How she feels about herself is not impacted by how others feel about her or how they view her. She can accept criticism without getting defensive and uses them to become better. 

If you find that how you feel about yourself is wrapped around how someone else feels about you, that may be a growth area for you. You can begin by creating a list of the people who have the power to impact your view of yourself and strengthen those areas. For example, if you rely on words of affirmation from others to feel good about yourself, begin by identifying those you seek acceptance, affirmations, or admiration from. Once you do that, you can then analyze what kinds of words you like to hear from them and use them in your daily affirmation practice.

3. She is comfortable saying no (good boundaries)

An emotionally healthy woman understands her capacity. Some women are caretakers and volunteer their time to take care of others. Some of the load they carry for others is emotional in nature. Healthy women know when they don't have the capacity to help someone and are okay with saying no. After all, saying no allows someone else to meet that person’s needs.  

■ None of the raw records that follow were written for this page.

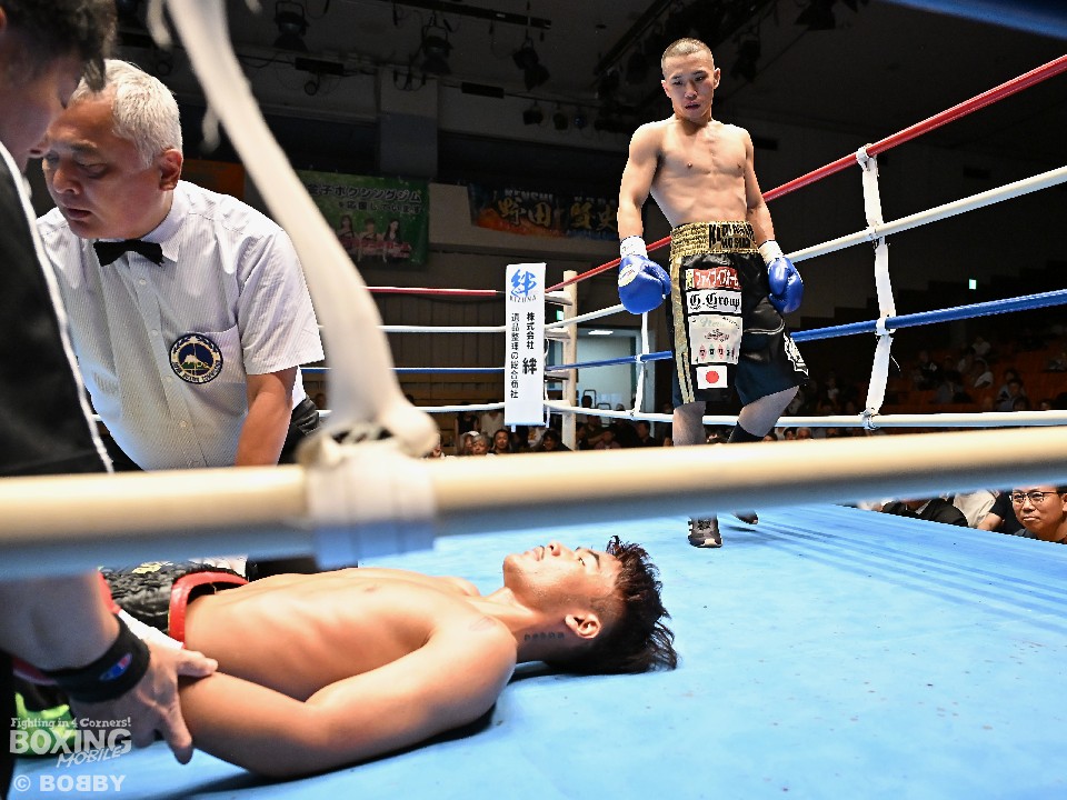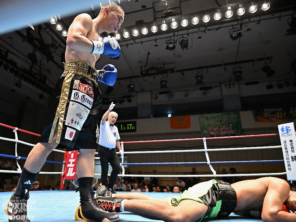 稲元が開始早々、右ボディストレートでダウンをゲット。再開後、相手の攻撃をブロックし、左フックで豪快に倒した。
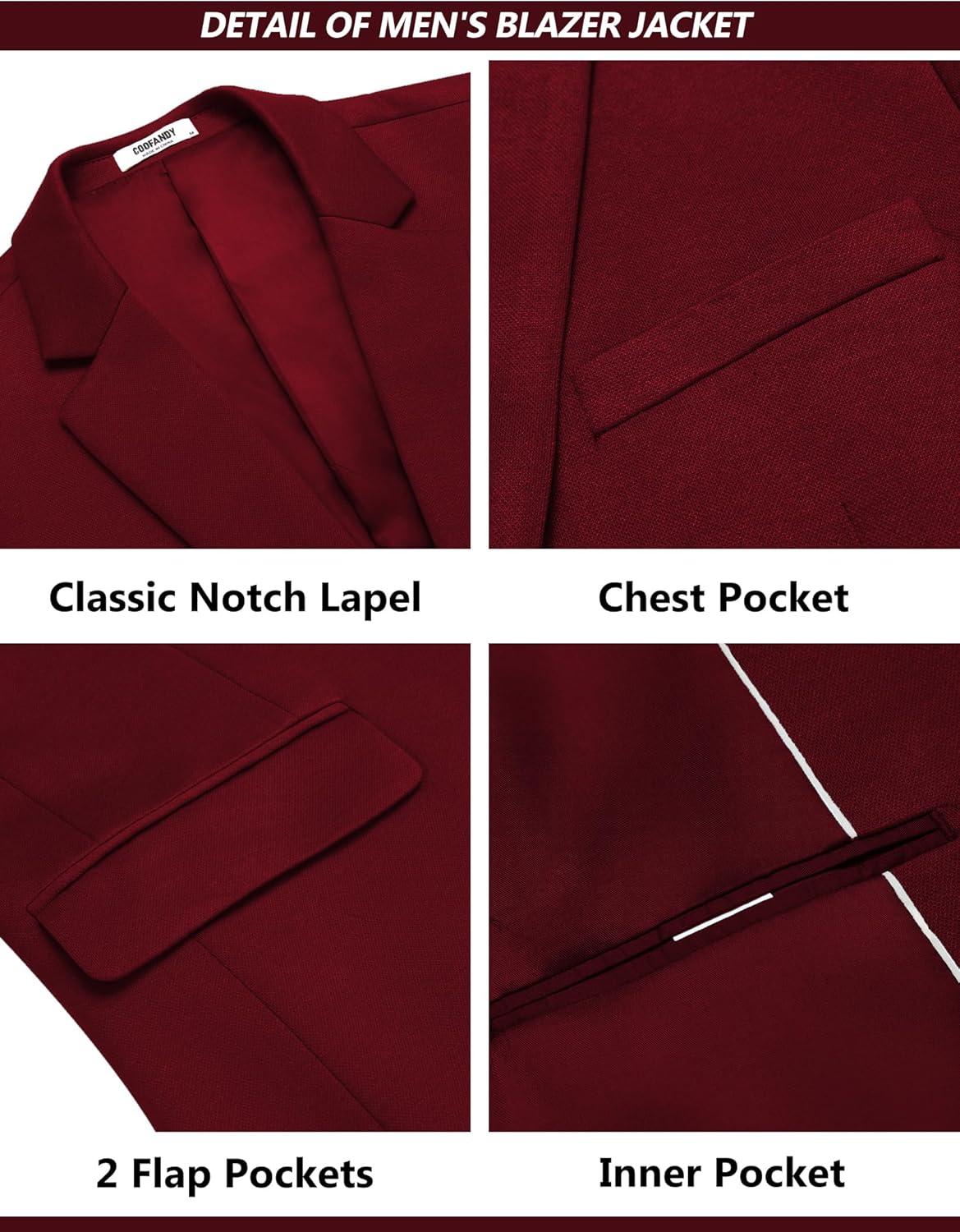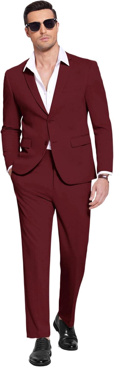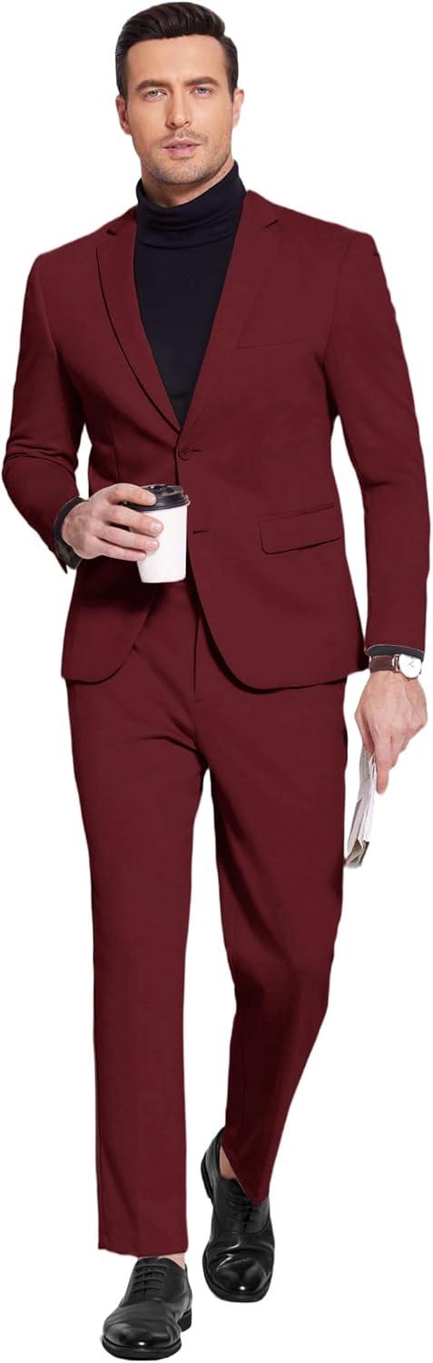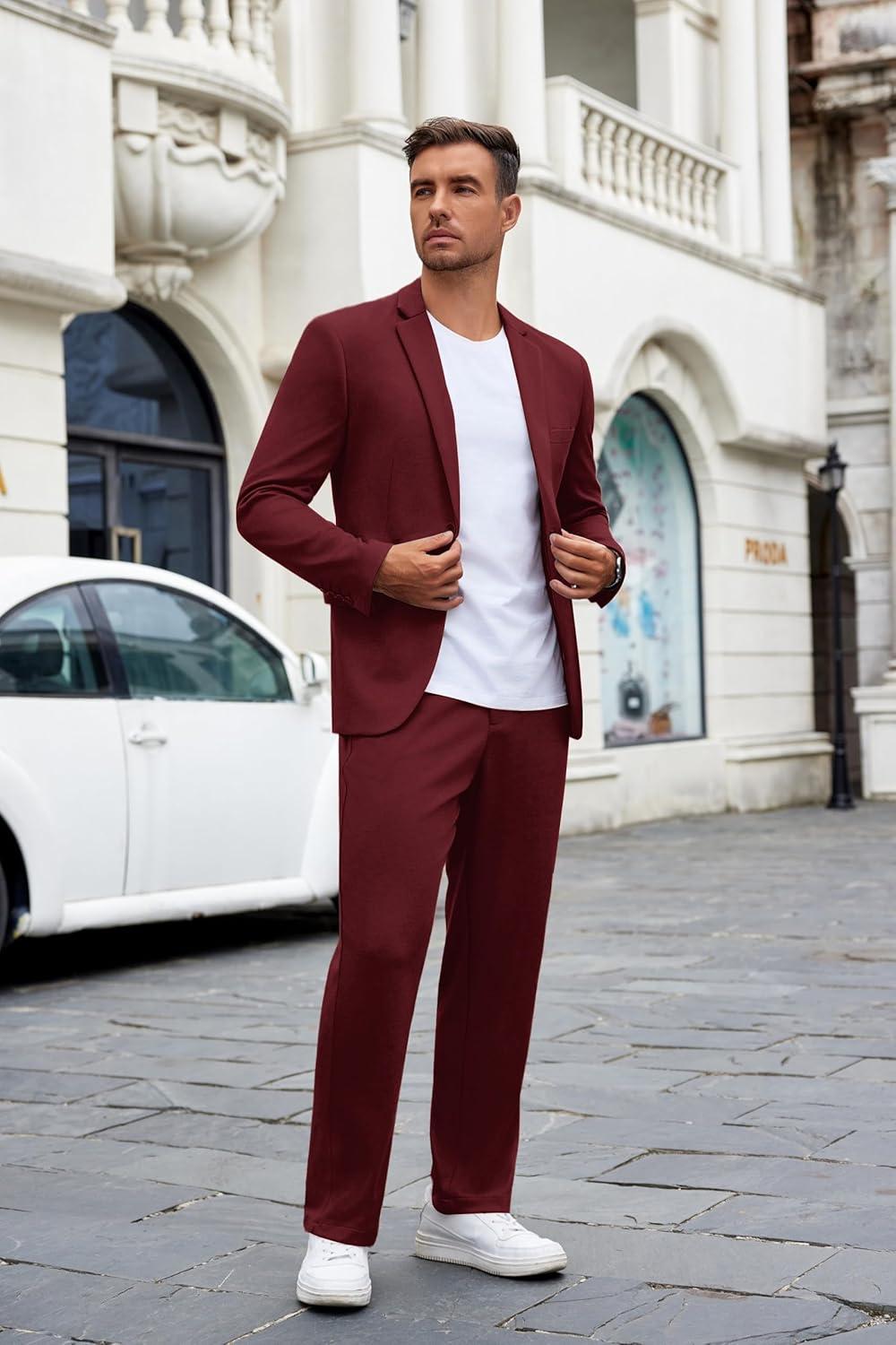 COOFANDY Men’s Suits 2 Piece Slim Fit Suit Set 2 Button Lightweight Casual Knit Blazer Suit Jacket Pants(Wine Red)
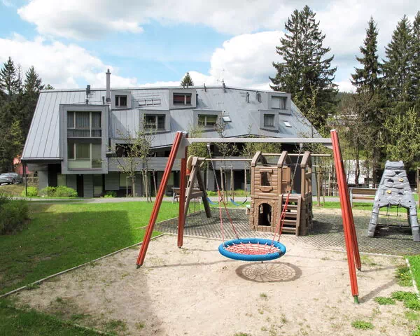 Der gemeinsame Außenbereich der Residenz erstreckt sich über 200 Quadratmeter und ist durchdacht ausgestattet. Ein eigener Kinderspielplatz mit Rutsche und Schaukel bietet einen sicheren und unterhaltsamen Raum für jüngere Gäste. Der Waldrand liegt nur 50 Meter vom Anwesen entfernt und lädt zu ruhigen Spaziergängen in die umgebende Waldlandschaft ein.
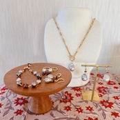 ネックレスより少し小ぶりなサイズなので、ネックレスとお揃いで合わせてもいいですし、同じ色合いのグレーパールのブレスレットとぜひ合わせてみてくださいね。
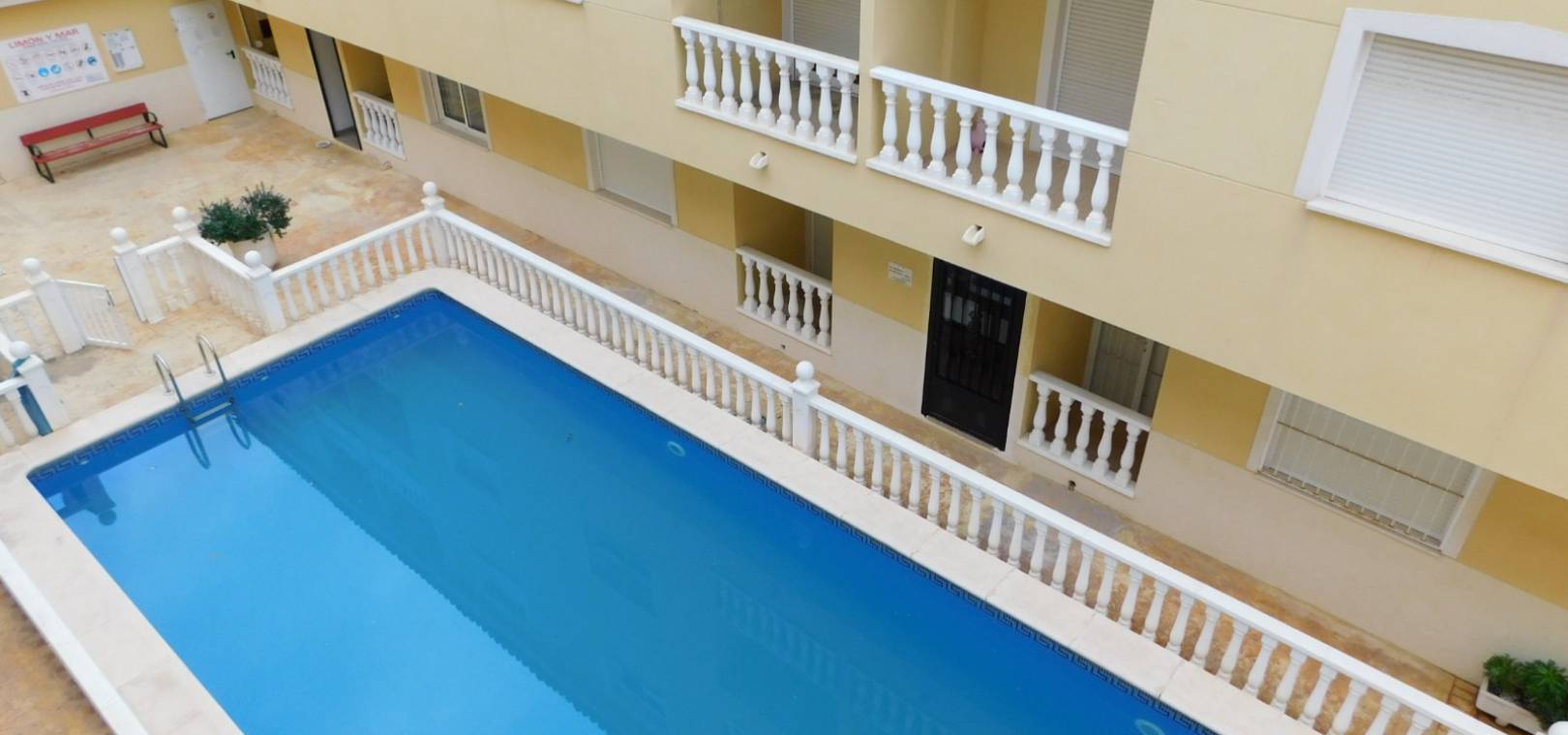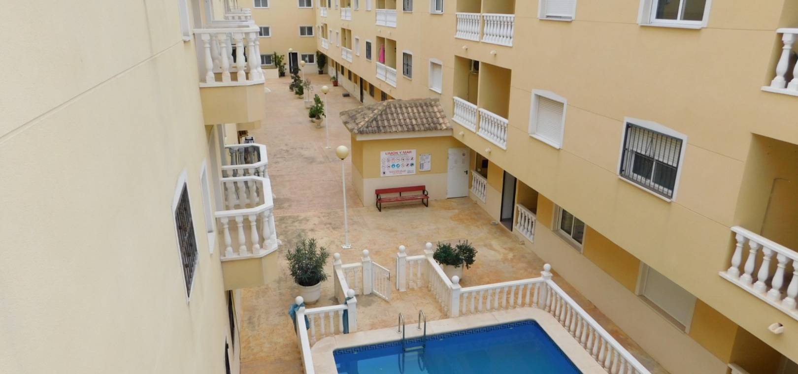 A South facing 2 bed 1 bath top floor apartment with a private rooftop solarium located in Res. Limon y Mar, Formentera del Segura, Costa Blanca.
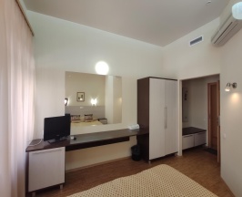 К услугам гостей лифт, 7 меблированных комнат различных категорий, Стандарт, Улучшенный и Комфорт. В каждой комнате есть шкаф, телевизор, кондиционер, собственная ванная комната оборудована душем.
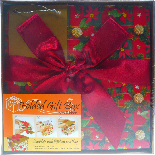 Anděl Dárková krabička skládací s mašlí vánoční červená s vínovou mašlí 1372 M 15 x 15 x 15 cm 1 kus
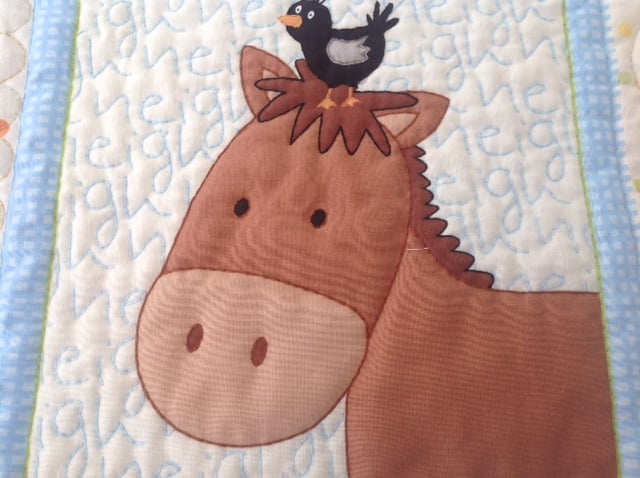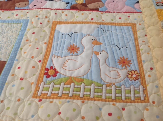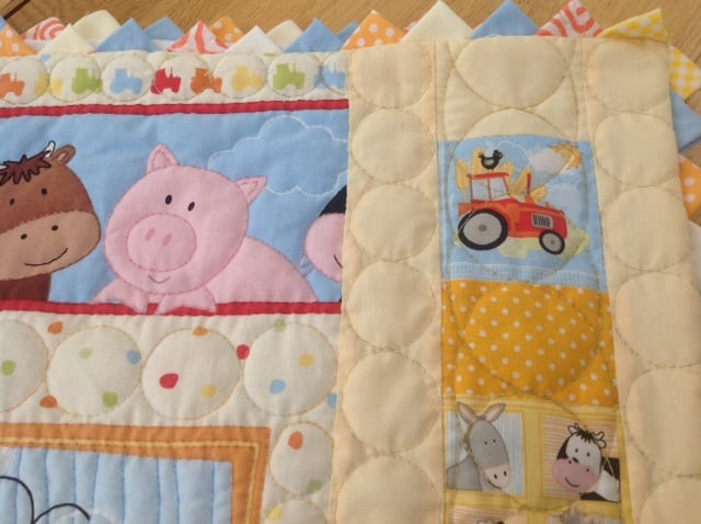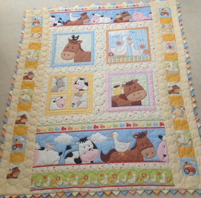 This is a really pretty farmyard themed quilt, it is a printed panel that I have hand quilted all around the animals and in between, it is backed with soft white cotton and finished off with a prairie point edge.

If you struggle with setting boundaries, you can begin by telling those who request your time or help that you will get back to them once you check your calendar to see if you have space to fit another task in. Doing so gives you time to assess your capacity so you can give them an appropriate answer.

4. She can celebrate other people’s accomplishments

A healthy woman is okay with celebrating others. Sometimes it can be extremely difficult for a woman to celebrate another who has met a goal she has been working towards and has not seen results from yet. An emotionally healthy woman understands that another person’s success has no impact on her own. She knows her time will come, and is okay to continue working to accomplish her goals in her own time. She allows herself to be happy for others.

Let me say this, sometimes your first feeling or reaction can be discouragement or sadness that you are not there yet. This is normal, and it will sometimes come. What‘s important is not your initial feeling but what you allow or tell yourself to feel. When your initial reaction to someone’s success is negative, don’t beat yourself up. Remind yourself that this person’s success has nothing to do with your future success. If they are close to you, call them and congratulate them. I would even say find a way to celebrate with them. Doing that will change how you feel. It may even fuel your drive to keep working toward your goals.

I don’t know where you find yourself when it comes to emotional health, but wherever you are, I am sure you can improve if that’s what you want. Remember, an emotionally healthy woman is free. The more you improve, the more emotional freedom you will experience.